19938 – Number of decoder errors emitted by the UTF-8 decoder for incomplete/invalid sequences

This is an archived snapshot of W3C's public bugzilla bug tracker, decommissioned in April 2019. Please see the home page for more details.

Bug 19938 - Number of decoder errors emitted by the UTF-8 decoder for incomplete/invalid sequences

Summary: Number of decoder errors emitted by the UTF-8 decoder for incomplete/invalid ...

Status:	RESOLVED FIXED

Alias:	None

Product:	WHATWG
Classification:	Unclassified
Component:	Encoding (show other bugs)
Version:	unspecified
Hardware:	All All

Importance:	P2 normal
Target Milestone:	Unsorted
Assignee:	Anne
QA Contact:	sideshowbarker+encodingspec

URL:
Whiteboard:
Keywords:

Depends on:
Blocks:

Reported:	2012-11-11 22:01 UTC by pub-w3
Modified:	2012-11-16 13:14 UTC (History)
CC List:	2 users (show)

See Also:

Attachments

Description pub-w3 2012-11-11 22:01:22 UTC

In a UTF-8-based system, the UTF-8 decoder only has to detect invalid bytes and byte sequences.  A natural way of doing that would be to check that the current byte is the first byte of a valid sequence (as defined in Unicode 6.1, Table 3.7 [*]) and otherwise emit a decoder error and move on to the next byte.

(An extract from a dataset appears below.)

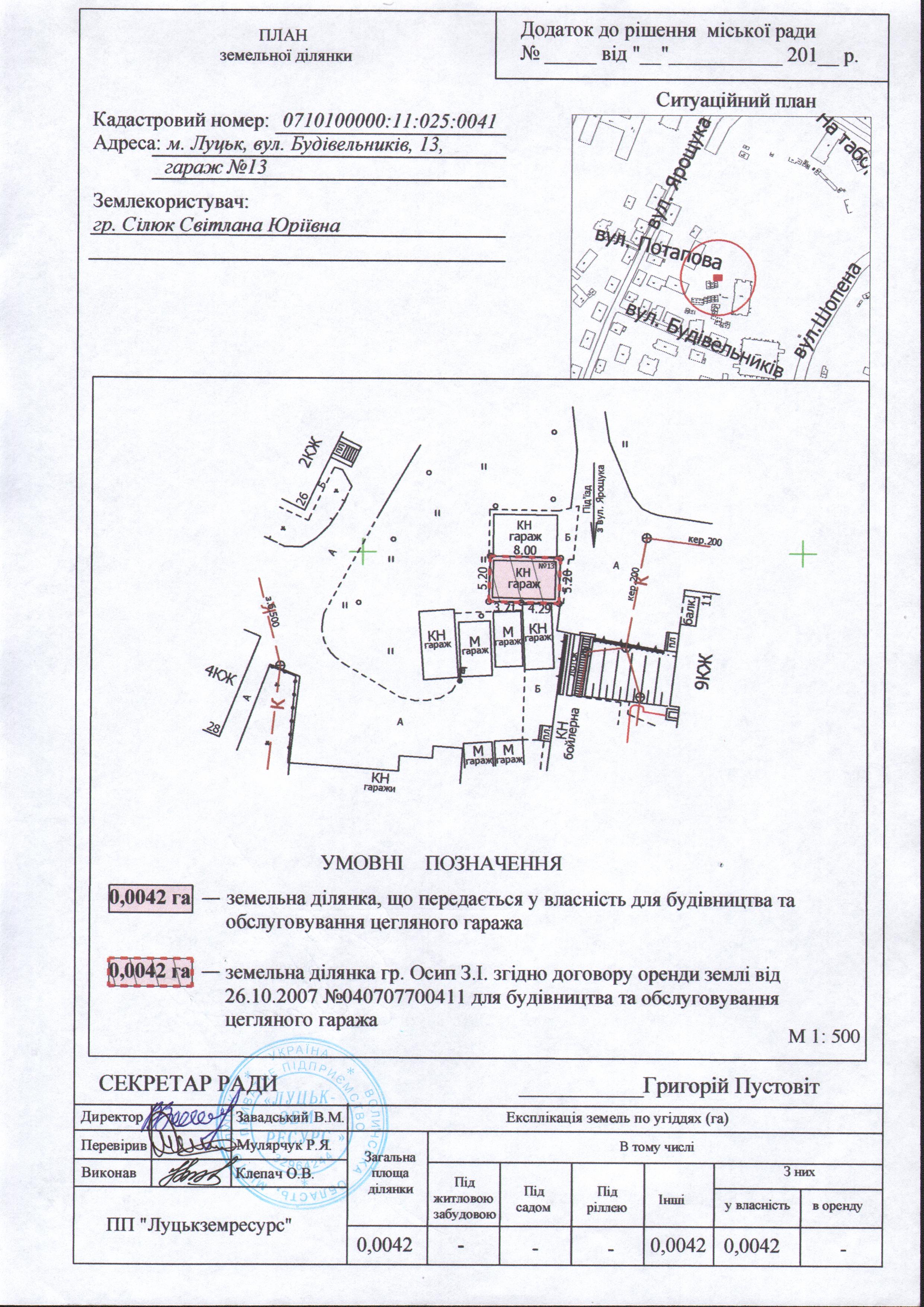 Розглянувши клопотання гр. Сілюк Світлани Юріївни щодо передачі безоплатно у власність земельної ділянки на вул. Будівельників, 13, гараж № 13 для будівництва та обслуговування цегляного гаража, договір оренди землі гр. Осип Зінаїди Іванівни, зареєстрований в Державному реєстрі земель від 26.10.2007 за № 040707700411, інформацію Луцької об’єднаної державної податкової інспекції Волинської області ДПС щодо відсутності заборгованості по орендній платі за землю, технічну документацію з інвентаризації земельної ділянки гр. Сілюк Світлани Юріївни, керуючись статтями 12, 81, 90-91, 116, 118, 121, 125-126 Земельного кодексу України та ст. 26 Закону України «Про місцеве самоврядування в Україні», міська рада

Unfortunately, the specification currently seems to require that only one decoder error be emitted for incomplete sequences, overlong sequences, sequences encoding surrogate characters and 4-byte sequences corresponding to characters beyond U+10FFFF.

Since 5-byte and 6-byte sequences are no longer recognised at all and result in 5 or 6 decoder errors, perhaps it would make sense at least to allow UTF-8 decoders to generate 2, 3 or 4 decoder errors when invalid/incomplete sequences of 2, 3 or 4 bytes are seen.

In other words, it would be good if a UTF-8 decoder were allowed to follow the simple strategy of always emitting one decoder error for every byte that is not part of a valid and complete byte sequence.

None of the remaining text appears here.